* [Records]:

────

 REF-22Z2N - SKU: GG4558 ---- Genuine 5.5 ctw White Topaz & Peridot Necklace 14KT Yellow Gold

────

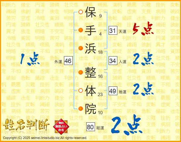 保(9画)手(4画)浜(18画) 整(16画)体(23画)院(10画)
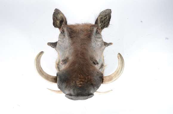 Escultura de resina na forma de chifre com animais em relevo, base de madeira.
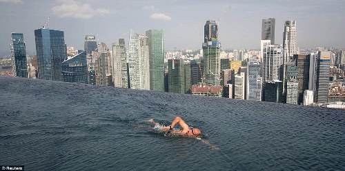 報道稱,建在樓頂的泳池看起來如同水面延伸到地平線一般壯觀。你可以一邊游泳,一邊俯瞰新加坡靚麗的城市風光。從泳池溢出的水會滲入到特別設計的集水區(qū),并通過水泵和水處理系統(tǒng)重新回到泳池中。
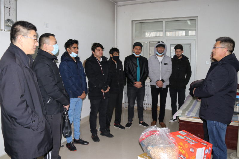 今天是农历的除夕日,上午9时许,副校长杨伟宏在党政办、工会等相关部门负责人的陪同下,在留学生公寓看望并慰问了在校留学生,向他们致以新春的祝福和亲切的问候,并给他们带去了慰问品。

────

Exactly reproduce the lines above, starting at the one that contains "保(9画)手(4画)浜(18画) 整(16画)体(23画)院(10画)" and ending at the one that contains "報道稱,建在樓頂的泳池看起來", both inclusive; leave the pictures out and add no other lines.

 保(9画)手(4画)浜(18画) 整(16画)体(23画)院(10画)
 Escultura de resina na forma de chifre com animais em relevo, base de madeira.
 報道稱,建在樓頂的泳池看起來如同水面延伸到地平線一般壯觀。你可以一邊游泳,一邊俯瞰新加坡靚麗的城市風光。從泳池溢出的水會滲入到特別設計的集水區(qū),并通過水泵和水處理系統(tǒng)重新回到泳池中。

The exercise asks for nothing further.